Ari VanderWalde, MD
The rationale behind combining chemotherapy with immunotherapy in non–small cell lung cancer (NSCLC) is perplexing to Ari VanderWalde, MD, as he says findings from 2 pivotal trials in the last year—KEYNOTE-021 and IMpower150—may not be fully applicable to the current landscape.
Findings from cohort G of the phase II KEYNOTE-021 trial led the FDA to grant an approval to the frontline treatment of pembrolizumab (Keytruda) plus pemetrexed and carboplatin in patients with nonsquamous NSCLC regardless of PD-L1 expression in May 2017.1
Investigators reported that the median progression-free survival (PFS) was 13.0 months with the addition of pembrolizumab versus 8.9 months for chemotherapy alone (HR, 0.53; 95% CI, 0.31-0.91; P
In IMpower150, immunotherapy plus chemotherapy and bevacizumab was compared with chemotherapy alone. Findings showed that the addition of atezolizumab (Tecentriq) to bevacizumab (Avastin), carboplatin, and paclitaxel delayed progression or death by 38% versus bevacizumab and chemotherapy alone for patients with advanced nonsquamous NSCLC.2
In a presentation during the 2018 OncLive®
State of the Science Summit™ on Advanced Non–Small Cell Lung Cancer, VanderWalde cautioned community oncologists about using these trials as a basis for treatment decisions, as they were initiated before the establishment of pembrolizumab as a frontline standard of care for patients with NSCLC who have PD-L1 expression over 50%.
“Recognize that putting patients on clinical trials is still the best way to take care of these patients with lung cancer,” said VanderWalde. “Deferring to what the FDA has approved is not necessarily the right answer. We don’t know what the right answer is. Trying to figure out the answers to these questions will hopefully keep us busy for some amount of time.”
VanderWalde, director of clinical research at West Cancer Center, associate vice chancellor of clinical research at the University of Tennessee Health Science Center, explained his trepidation with these combinations of chemotherapy and immunotherapy in an interview during the meeting.
OncLive: Can you provide an overview of your presentation?

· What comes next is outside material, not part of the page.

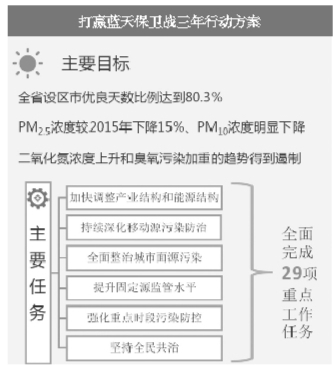 據(jù)了解,新《三年行動(dòng)方案》計(jì)劃用3年時(shí)間,通過調(diào)整產(chǎn)業(yè)結(jié)構(gòu)、優(yōu)化能源結(jié)構(gòu)、完善交通運(yùn)輸結(jié)構(gòu)、狠抓重污染天氣應(yīng)對(duì)等措施,全面完成29項(xiàng)重點(diǎn)工作任務(wù),讓全省的環(huán)境空氣質(zhì)量不斷改善。到2020年,全省設(shè)區(qū)市優(yōu)良天數(shù)比例達(dá)到80.3%,PM2.5濃度較2015年下降15%,PM10濃度明顯下降,重污染天數(shù)明顯減少,二氧化氮濃度上升和臭氧污染加重的趨勢得到遏制,二氧化硫、一氧化碳年均濃度基本達(dá)到國家環(huán)境空氣質(zhì)量二級(jí)標(biāo)準(zhǔn)。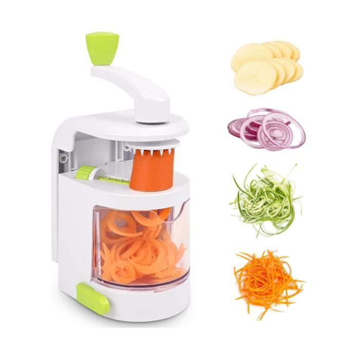 Spiraliseur de légumes - 4 en 1 - Sans BPA - Coupe jusquà 10 cm - Base à ventouse stable

Combining immunotherapy with other immunotherapy, or with chemotherapy, is a rapidly developing field. The strategy of combining immunotherapies together has been under study for some time, but the large studies have not come out yet. I focused my talk on combining immunotherapy with chemotherapy, particularly in the frontline space. I limited my talk to the 2 large pieces of data that have been presented, but they are 2 very confusing studies. These are studies that have led to the FDA approval, which I argued might not be fully warranted with the current data.
The first study was a phase II study published [in 2017] called KEYNOTE-021. It was a 120-patient study of patients with NSCLC, generally adenocarcinoma, and they were given either the combination of the PD-1 inhibitor pembrolizumab in combination with carboplatin and pemetrexed, or they were given carboplatin and pemetrexed alone. Anyone with NSCLC who fit the criteria was allowed in. What it showed was that the PFS was clearly better for the patients who received the combination as opposed to chemotherapy alone.
The second study I discussed was the IMpower150 study, which is a slightly more complicated study. It combined the PD-L1 inhibitor atezolizumab plus the VEGFR inhibitor bevacizumab together with carboplatin and paclitaxel. It compared that regimen with patients receiving bevacizumab, carboplatin, and paclitaxel. This was a much larger study as it had 1200 patients. It showed that the combination of all 4 agents was better than the combination of bevacizumab, carboplatin, and paclitaxel.
The traditional interpretation of these studies is that, because they showed a benefit in the general population that they studied, combinations are better than anything else that we have available. What was not taken into account though was that, during the course of the studies, frontline lung cancer became segmented based on PD-L1 status.
For those who had a PD-L1 expression greater than 50%, the standard is no longer chemotherapy or chemotherapy plus bevacizumab—the standard has now become single-agent pembrolizumab. Both of these studies included quite a number of patients in each arm and compared combinations with chemotherapy and, knowing what we know now, they should have compared it with immunotherapy alone.